Data in this exercise:
----
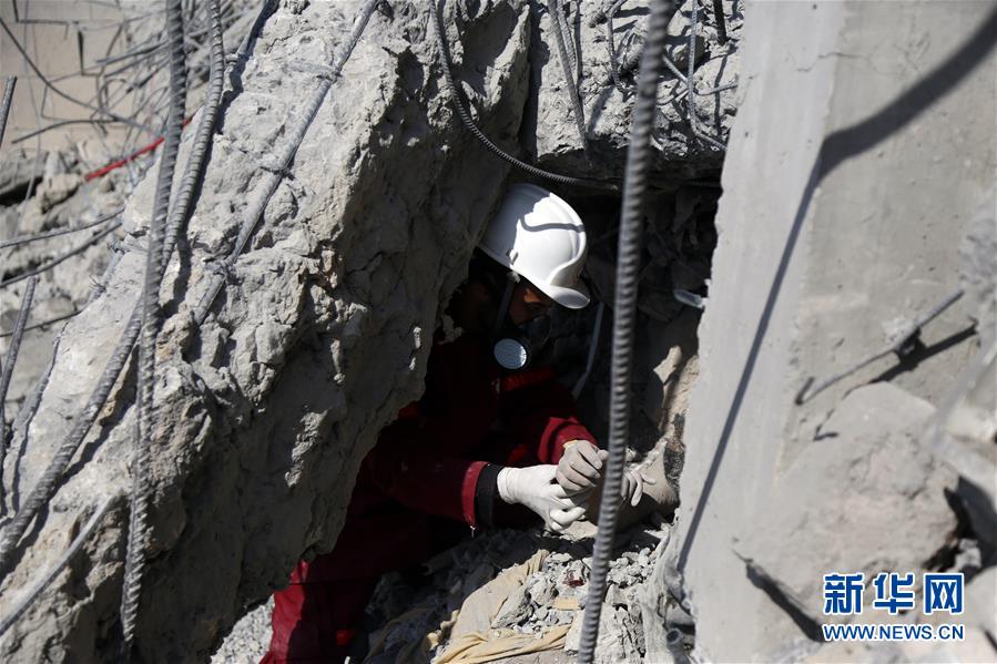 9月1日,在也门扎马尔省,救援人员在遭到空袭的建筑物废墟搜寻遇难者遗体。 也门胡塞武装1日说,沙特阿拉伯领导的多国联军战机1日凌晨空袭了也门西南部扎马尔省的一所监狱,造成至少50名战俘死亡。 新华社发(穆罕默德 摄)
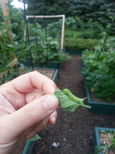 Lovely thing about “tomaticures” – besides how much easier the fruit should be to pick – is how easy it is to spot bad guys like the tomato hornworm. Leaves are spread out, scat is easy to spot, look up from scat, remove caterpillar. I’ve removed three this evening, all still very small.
----
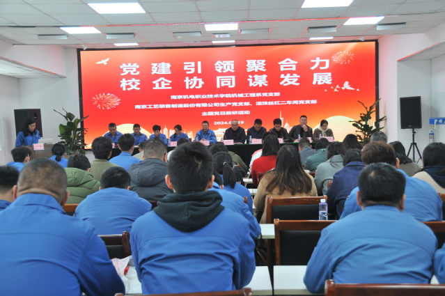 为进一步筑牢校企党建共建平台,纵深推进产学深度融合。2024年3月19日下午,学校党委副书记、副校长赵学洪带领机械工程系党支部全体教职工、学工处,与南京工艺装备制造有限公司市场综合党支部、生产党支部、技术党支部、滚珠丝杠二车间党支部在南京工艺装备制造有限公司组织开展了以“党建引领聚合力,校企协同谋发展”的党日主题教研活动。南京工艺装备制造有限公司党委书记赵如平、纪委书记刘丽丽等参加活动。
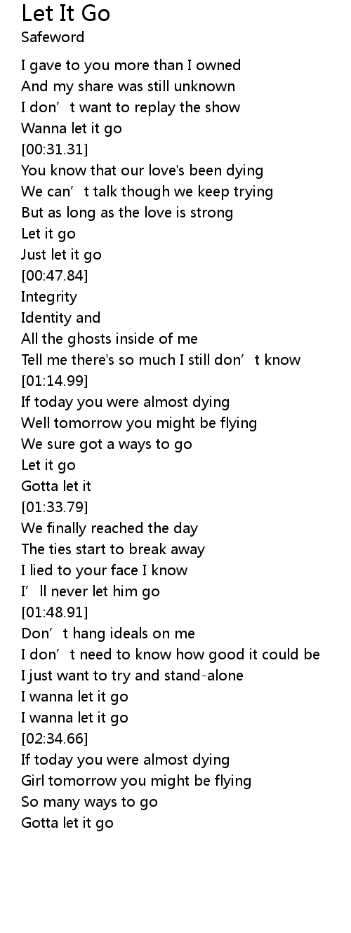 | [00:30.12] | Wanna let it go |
----
Assignment: Using the data above, which lines fall from the one with "为进一步筑牢校企党建共建平台" through the one with "let it go |"? Repeat them exactly, ends included, minus any pictures.

Expected output:
 为进一步筑牢校企党建共建平台,纵深推进产学深度融合。2024年3月19日下午,学校党委副书记、副校长赵学洪带领机械工程系党支部全体教职工、学工处,与南京工艺装备制造有限公司市场综合党支部、生产党支部、技术党支部、滚珠丝杠二车间党支部在南京工艺装备制造有限公司组织开展了以“党建引领聚合力,校企协同谋发展”的党日主题教研活动。南京工艺装备制造有限公司党委书记赵如平、纪委书记刘丽丽等参加活动。
 | [00:30.12] | Wanna let it go |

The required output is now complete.